What I don't get is why the emphasis on soaps in the BBC Writers Academy, why not encourage writers to develop original ideas? I would feel more more like applying if that was the case. I read that last year they had over 600 applicants so they won't miss mine but still unrealistic or not that's what I want to do.
I totally agree with you. Dross will apply and dross will get the job. And the cycle will continue.

clockwork
05-08-2006, 05:20 AM
That man Tennant again, and Russell T. Davies too. Shame they're making a bollocks of Doctor Who.

Did you mean for that to rhyme? Because it totally does.

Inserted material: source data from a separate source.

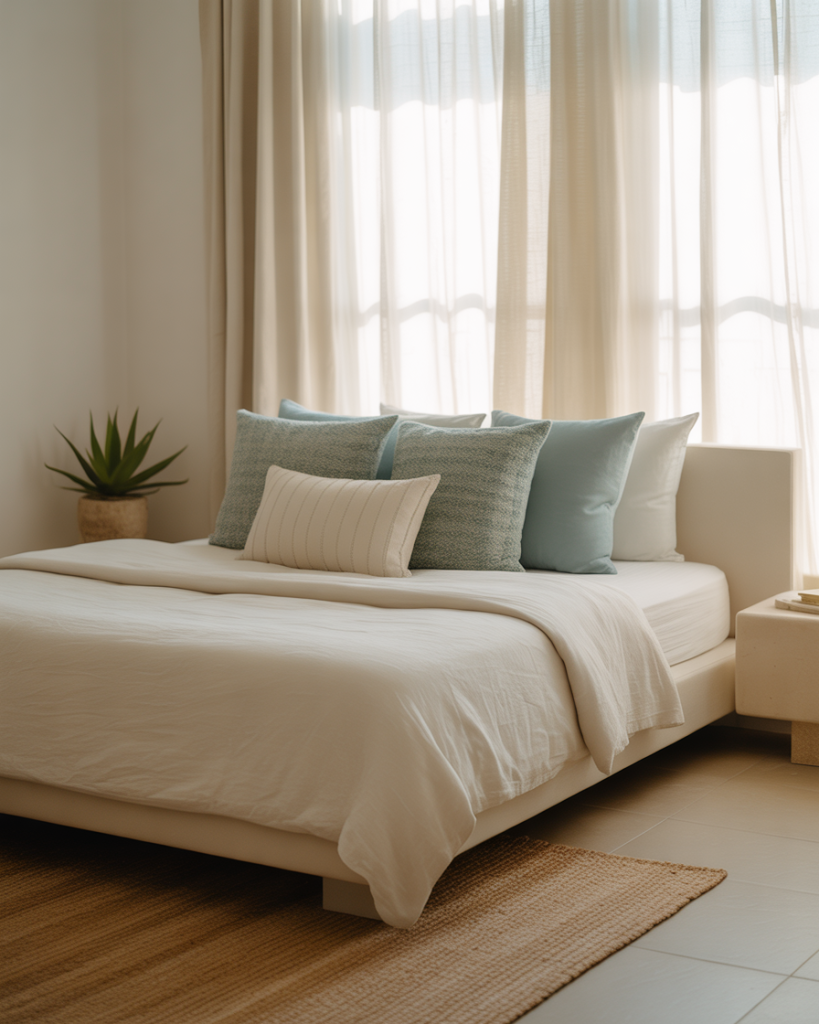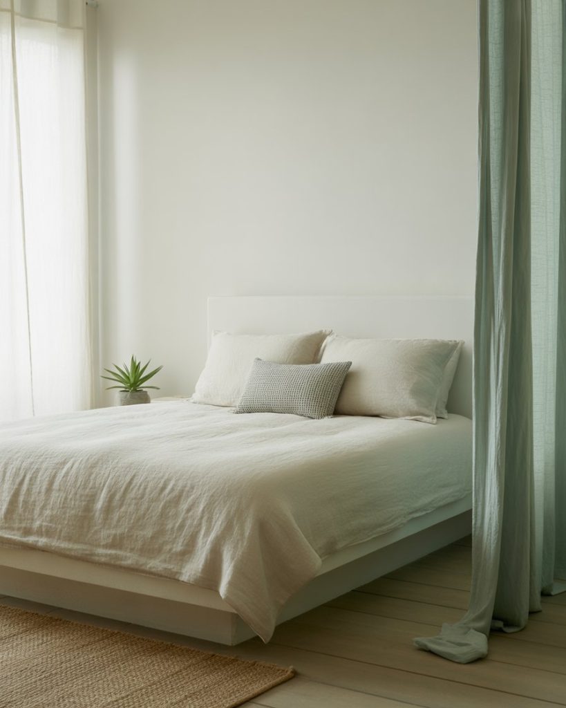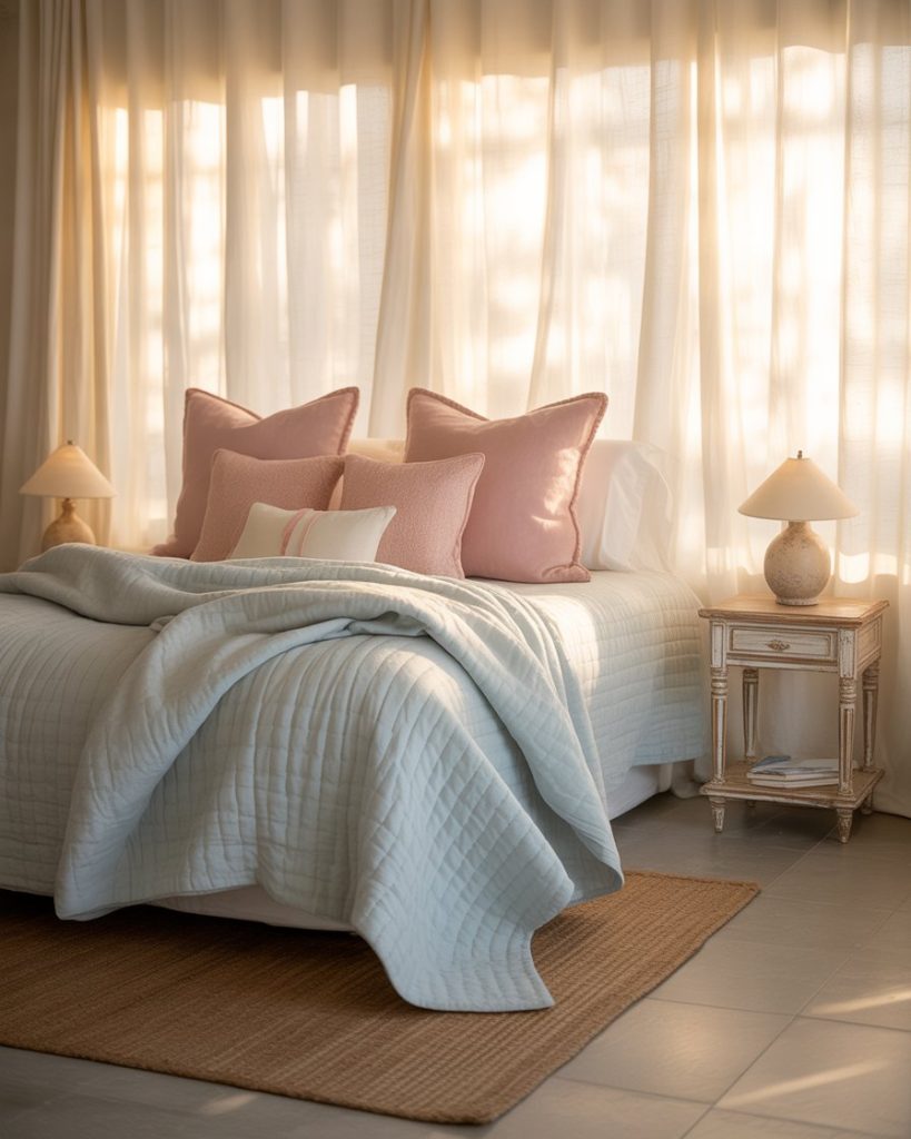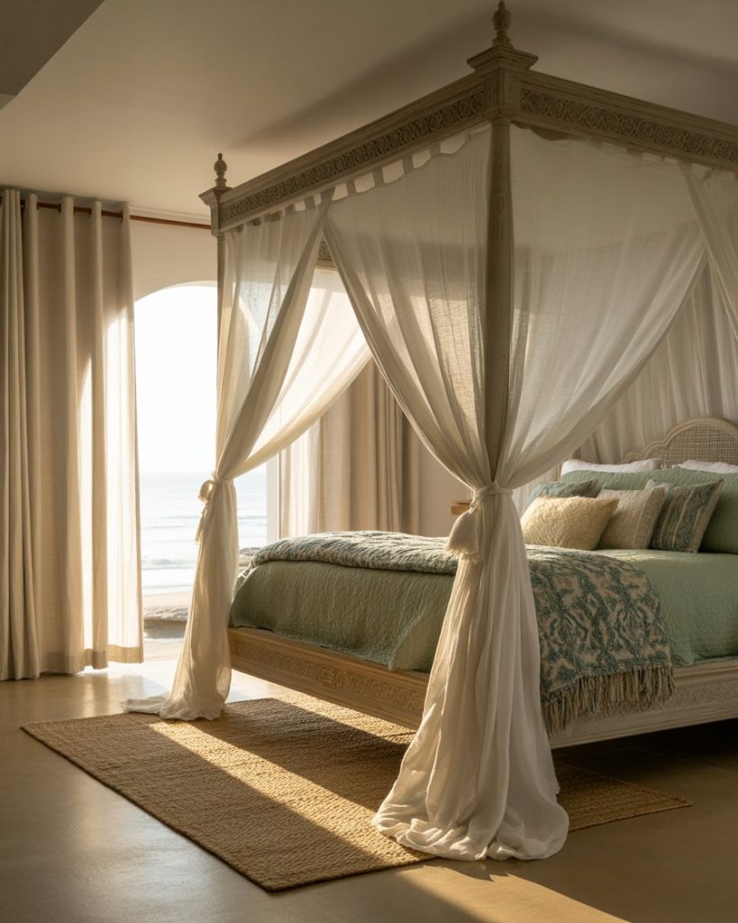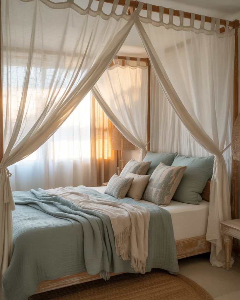 A canopy bed creates instant luxury, especially in a seaside setting. Pairing breezy white drapes with boho cushions and sage green and blue bedding gives the room resort-like appeal. This idea works beautifully for larger master suites, bringing both romance and serenity into the bedroom.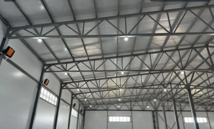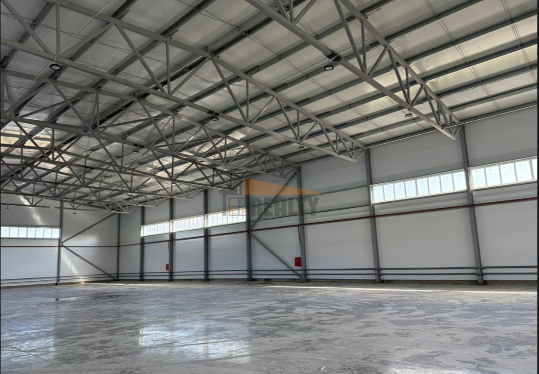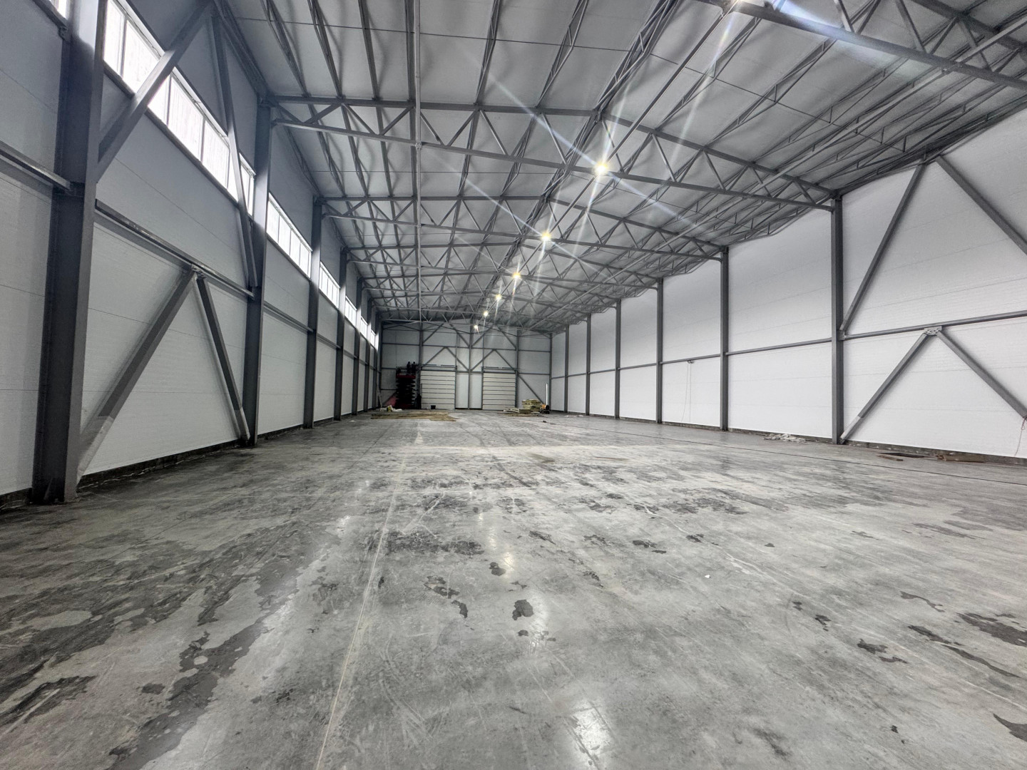 Высота потолков 9 м, в коньке 13,8 м, полы бетон антипыль, 2 ворот в ноль!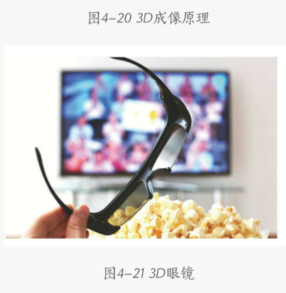 3d立体影像技术是根据左右眼双影像合成立体影像的原理(图4-19),使用3D摄像机双镜头来拍摄画面(图4-20),在摄像机中进行处理得到双重影像素材,得到的影像素材经过3D剪辑机编辑后,在3D电视上播放。这样的画面会在屏幕上形成重影,需要佩戴特殊的3D眼镜观看(图4-21),使重影合二为一,从而感觉到立体的效果。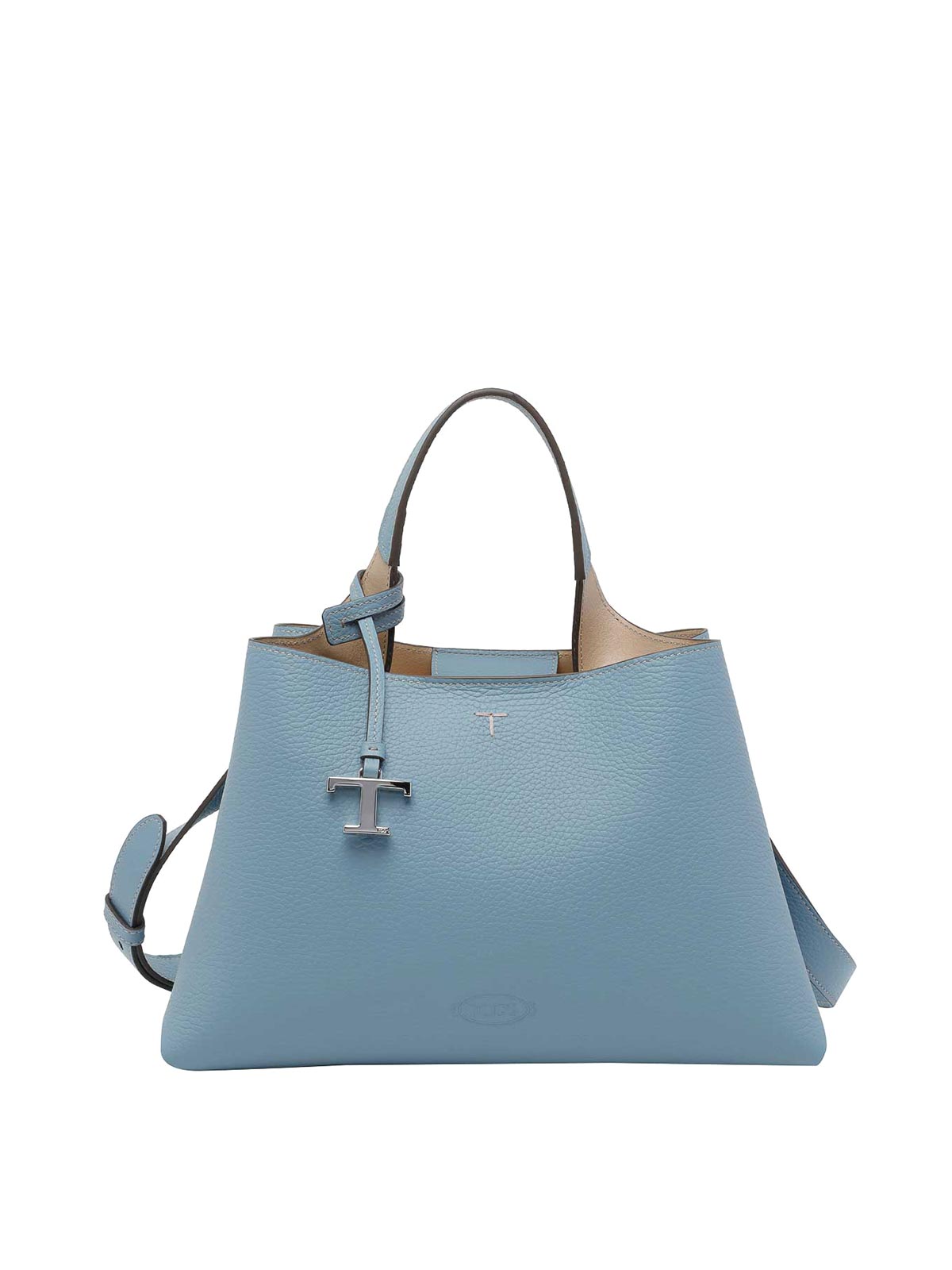 Kleine hellblaue Lederhandtasche, Hakenverschluss, 2 Fächer, 2 Taschen mit Reißverschluss, verstellbarer Riemen, T-Charm-Logo auf der Vorderseite

The BBC's soaps are their crown jewels. And I suppose it's fair enough considering the length of time they've been on air and their eduring popularity but there are plenty of people out there (me) who really aren't accommodated for by the Beeb. There's not much of anything they have on that I enjoy. Incidentally, a guy I know wanted to make the move into writing for soaps because he's not bothered about the creativity, he just wants to make a steady income and it took him a year to be accepted to write an episode of Doctors. A whole frickin year of introductions, meetings and back and forths before the glory of penning a lunchtime non-soap. It's easier to get into the security services than to write for Aunty.